PostgreSQL: how to use the to_date, to_char and cast conversion functions

Building on the example in my previous post, this is how you can use the to_date and to_char functions for predicates used against both the original, non partitioned table, and the partitioned version of the same.

Query the non-partitioned table, you could first convert to character, and use the desired format. After that you can convert to date:
select *
from myuser.mytable
where to_date(to_char(created_date,'YYYY.MM.DD'),'YYYY.MM.DD') between '2020.01.01' and  '2020.01.31';

To query the partitioned table, you need an an explicit cast to the same data type used by the partitioned key column:
select *
from myuser.mytable
where  cast(created_date as date) between '2020.01.01' and  '2020.01.31';
I realized this difference when the number of rows returned was not what I expected.
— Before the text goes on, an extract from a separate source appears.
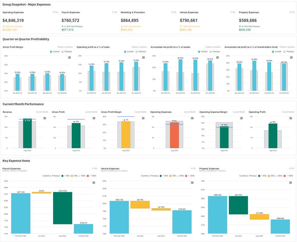 Dashboards provide powerful insights and overviews of your financial information in one place, making it easy to get quick answers and insights, and monitor performance. Dashboards are made up of lines, in which you can have a range of widgets from different financial statements. For example, you can use different widgets to visualize KPIs and financial ratios that are meaningful to a wide range of audiences. You can also include non-financial metrics to provide context to your financial data and enable a greater understanding.
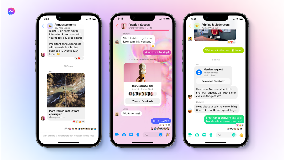 Meta a aidé plus d’un milliard de personnes à se connecter avec leurs proches dans un espace sécurisé sur Messenger, étant donné que les utilisateurs souhaitent échanger en temps réel avec des communautés plus larges sur des intérêts communs. Mark Zuckerberg a annoncé que Meta compte tester la possibilité pour les utilisateurs de démarrer des Community Chats sur Messenger dans les semaines à venir, permettant à ces personnes de créer un groupe Facebook, de démarrer des discussions et des canaux audios, ainsi que d’inviter d’autres personnes à rejoindre leur nouveau groupe sur l’application. Meta compte également étendre les Community Chats à un plus grand nombre de groupes Facebook.

After I changed my SQL statement to use CAST, the number of rows was exactly what I expected.

PostgreSQL: how to create a partitioned table using a conversion function

Consider the following table:
CREATE TABLE myuser.mytable (
    id integer NOT NULL,
    created_date timestamp without time zone NOT NULL,
    event_json text NOT NULL,
    format_version text NOT NULL,
    rep_id text NOT NULL,
    appversion text NOT NULL
);
Let's say you want to partition this table by RANGE, and you would like to use the column "created_date" which is of data type "TIMESTAMP WITHOUT TIME ZONE".
You could use a conversion function like CAST to convert the column to a partitioned one, like this:
  CREATE TABLE myuser.mytable (
    id integer NOT NULL,
    created_date timestamp without time zone NOT NULL,
    event_json text NOT NULL,
    format_version text NOT NULL,
    rep_id text NOT NULL,
    appversion text NOT NULL
)
partition by range(cast(created_date as date));
Obviously you proceed with adding your partitions the way you normally would in PostgreSQL, for example:
CREATE TABLE myuser.mytable_p_202001
 PARTITION OF myuser.mytable
 FOR VALUES FROM ('2020.01.01') TO ('2020.01.31');

CREATE TABLE myuser.mytable_p_202002
 PARTITION OF myuser.mytable
 FOR VALUES FROM ('2020.02.01') TO ('2020.02.29');

etc

CREATE TABLE myuser.mytable_p_default
 PARTITION OF myuser.mytable
 DEFAULT;

Beware: If you try to create a primary key constraint on the partition key column in this case, you will receive
DETAIL:  PRIMARY KEY constraints cannot be used when partition keys include expressions.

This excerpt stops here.